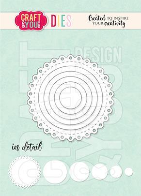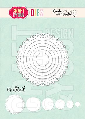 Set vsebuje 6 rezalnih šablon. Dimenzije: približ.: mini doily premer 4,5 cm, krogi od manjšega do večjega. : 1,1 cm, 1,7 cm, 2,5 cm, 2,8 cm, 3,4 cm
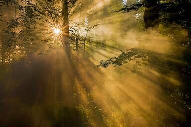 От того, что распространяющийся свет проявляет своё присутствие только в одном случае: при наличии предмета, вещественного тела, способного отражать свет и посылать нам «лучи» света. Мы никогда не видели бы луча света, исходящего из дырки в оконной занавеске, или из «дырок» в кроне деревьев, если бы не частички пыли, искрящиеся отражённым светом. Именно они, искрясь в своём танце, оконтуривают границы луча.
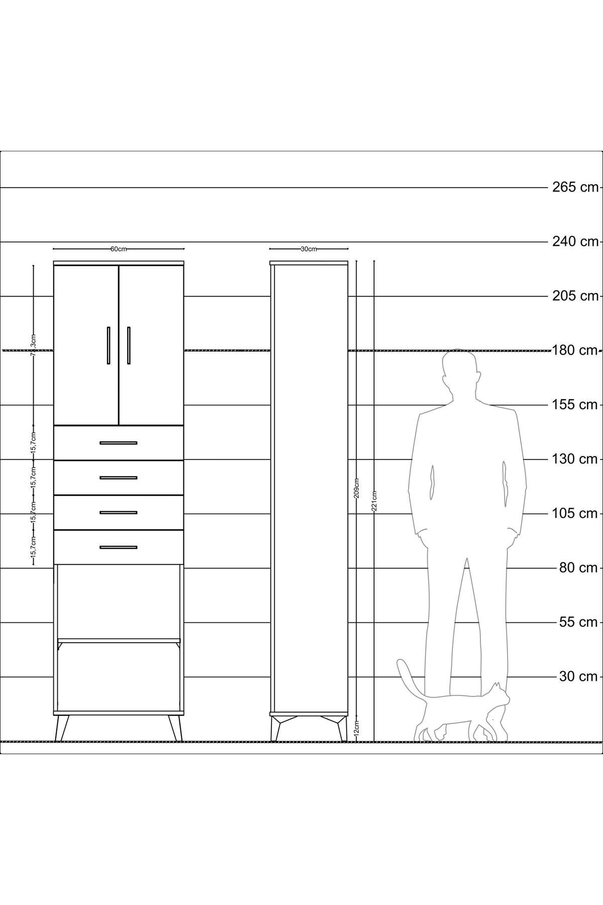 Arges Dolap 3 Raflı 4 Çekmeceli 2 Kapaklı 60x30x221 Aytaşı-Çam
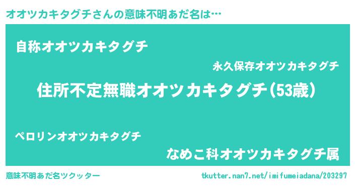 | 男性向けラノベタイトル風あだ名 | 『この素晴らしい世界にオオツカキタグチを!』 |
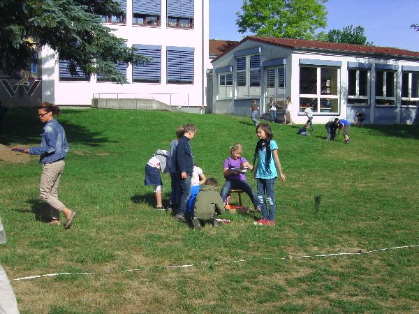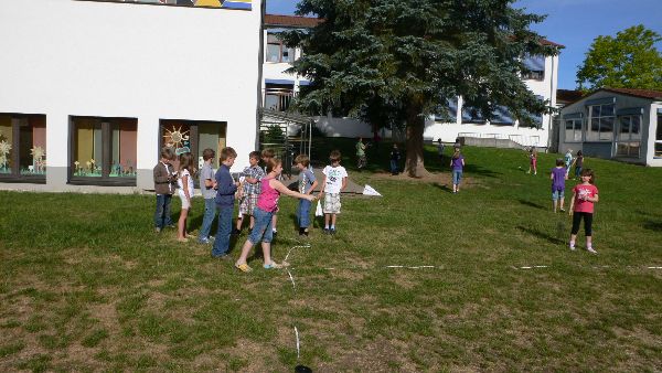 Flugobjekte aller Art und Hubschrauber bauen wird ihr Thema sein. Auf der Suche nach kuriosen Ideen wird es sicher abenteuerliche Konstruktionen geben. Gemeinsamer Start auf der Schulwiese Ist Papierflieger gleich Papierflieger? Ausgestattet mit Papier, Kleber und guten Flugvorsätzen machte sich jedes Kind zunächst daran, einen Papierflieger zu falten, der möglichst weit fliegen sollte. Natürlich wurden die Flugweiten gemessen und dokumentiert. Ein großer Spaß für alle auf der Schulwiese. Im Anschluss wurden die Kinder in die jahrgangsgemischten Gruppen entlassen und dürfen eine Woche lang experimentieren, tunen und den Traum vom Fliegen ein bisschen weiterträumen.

::::

EXERCISE: The pictures are to be omitted, and the rest of the listing is to be transcribed exactly.

RESULT OF THIS EXERCISE:
 Set vsebuje 6 rezalnih šablon. Dimenzije: približ.: mini doily premer 4,5 cm, krogi od manjšega do večjega. : 1,1 cm, 1,7 cm, 2,5 cm, 2,8 cm, 3,4 cm
 От того, что распространяющийся свет проявляет своё присутствие только в одном случае: при наличии предмета, вещественного тела, способного отражать свет и посылать нам «лучи» света. Мы никогда не видели бы луча света, исходящего из дырки в оконной занавеске, или из «дырок» в кроне деревьев, если бы не частички пыли, искрящиеся отражённым светом. Именно они, искрясь в своём танце, оконтуривают границы луча.
 Arges Dolap 3 Raflı 4 Çekmeceli 2 Kapaklı 60x30x221 Aytaşı-Çam
 | 男性向けラノベタイトル風あだ名 | 『この素晴らしい世界にオオツカキタグチを!』 |
 Flugobjekte aller Art und Hubschrauber bauen wird ihr Thema sein. Auf der Suche nach kuriosen Ideen wird es sicher abenteuerliche Konstruktionen geben. Gemeinsamer Start auf der Schulwiese Ist Papierflieger gleich Papierflieger? Ausgestattet mit Papier, Kleber und guten Flugvorsätzen machte sich jedes Kind zunächst daran, einen Papierflieger zu falten, der möglichst weit fliegen sollte. Natürlich wurden die Flugweiten gemessen und dokumentiert. Ein großer Spaß für alle auf der Schulwiese. Im Anschluss wurden die Kinder in die jahrgangsgemischten Gruppen entlassen und dürfen eine Woche lang experimentieren, tunen und den Traum vom Fliegen ein bisschen weiterträumen.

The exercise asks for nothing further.